## TASK DIRECTIONS
Copy out the listing that follows, exact in every word, and skip the images.

## DATA
+++
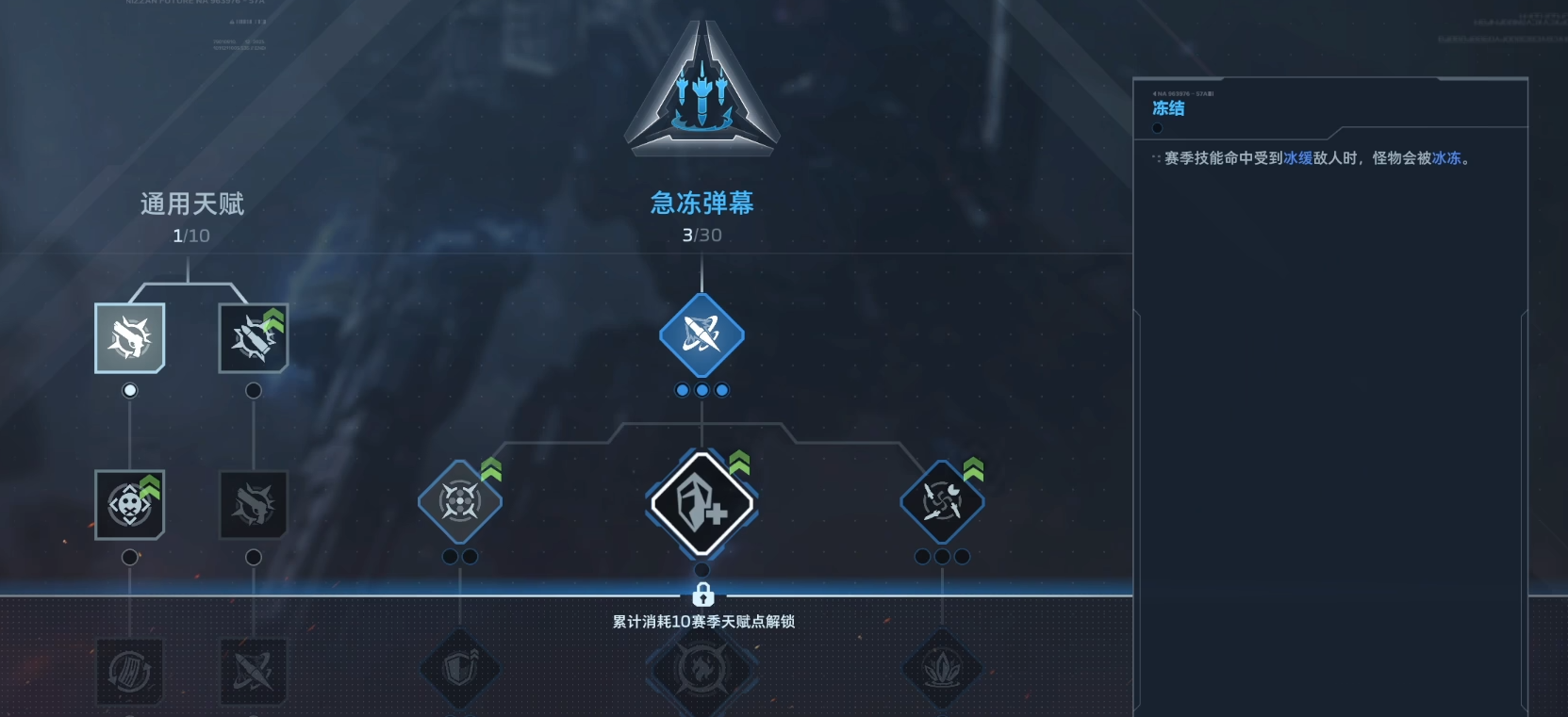 在《逆战:未来》中,天赋系统采用赛季制重置机制——每赛季开启时,所有角色的天赋树将清空归零,玩家需依据当季作战目标重新规划加点路径。初始阶段会分配基础天赋点,后续点数通过提升赛季等级获取:每升一级,即获得1点赛季天赋点。整套天赋体系划分为两大核心方向——「急冻弹幕」与「机械之舞」,二者定位明确、互不重叠:前者强化范围压制与群体杀伤能力,后者专注单体持续输出与高频率打击效率。
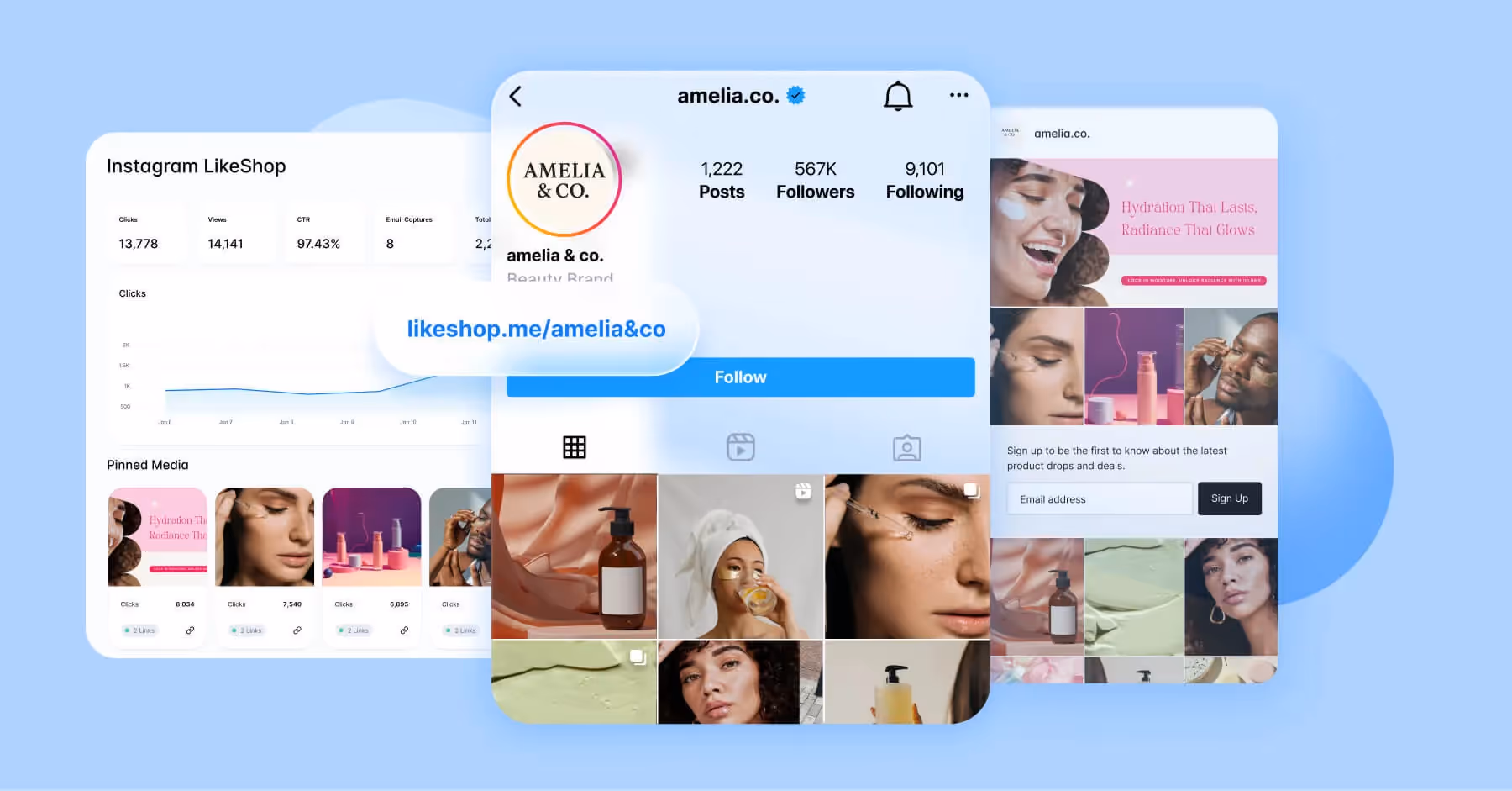 Brands have turned to link-in-bio tools like LikeShop to streamline the user experience — it’s a great workaround for Instagram’s linking limitations. Link-in-bio landing pages serve as a central space for relevant content to live, without having to sacrifice their profile link to just one landing page on their socials.
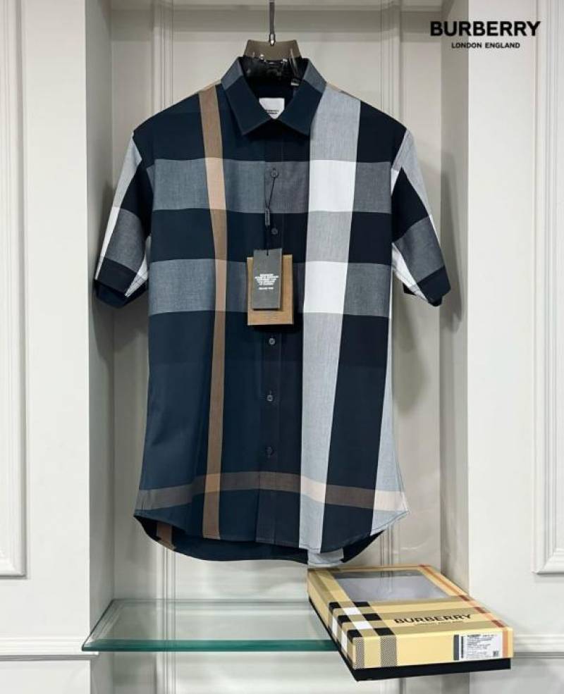 Burberr y Checks Half sleeve Store article Shirt with Original box ( Green Blue )
+++
## RESPONSE TO THIS EXERCISE
 在《逆战:未来》中,天赋系统采用赛季制重置机制——每赛季开启时,所有角色的天赋树将清空归零,玩家需依据当季作战目标重新规划加点路径。初始阶段会分配基础天赋点,后续点数通过提升赛季等级获取:每升一级,即获得1点赛季天赋点。整套天赋体系划分为两大核心方向——「急冻弹幕」与「机械之舞」,二者定位明确、互不重叠:前者强化范围压制与群体杀伤能力,后者专注单体持续输出与高频率打击效率。
 Brands have turned to link-in-bio tools like LikeShop to streamline the user experience — it’s a great workaround for Instagram’s linking limitations. Link-in-bio landing pages serve as a central space for relevant content to live, without having to sacrifice their profile link to just one landing page on their socials.
 Burberr y Checks Half sleeve Store article Shirt with Original box ( Green Blue )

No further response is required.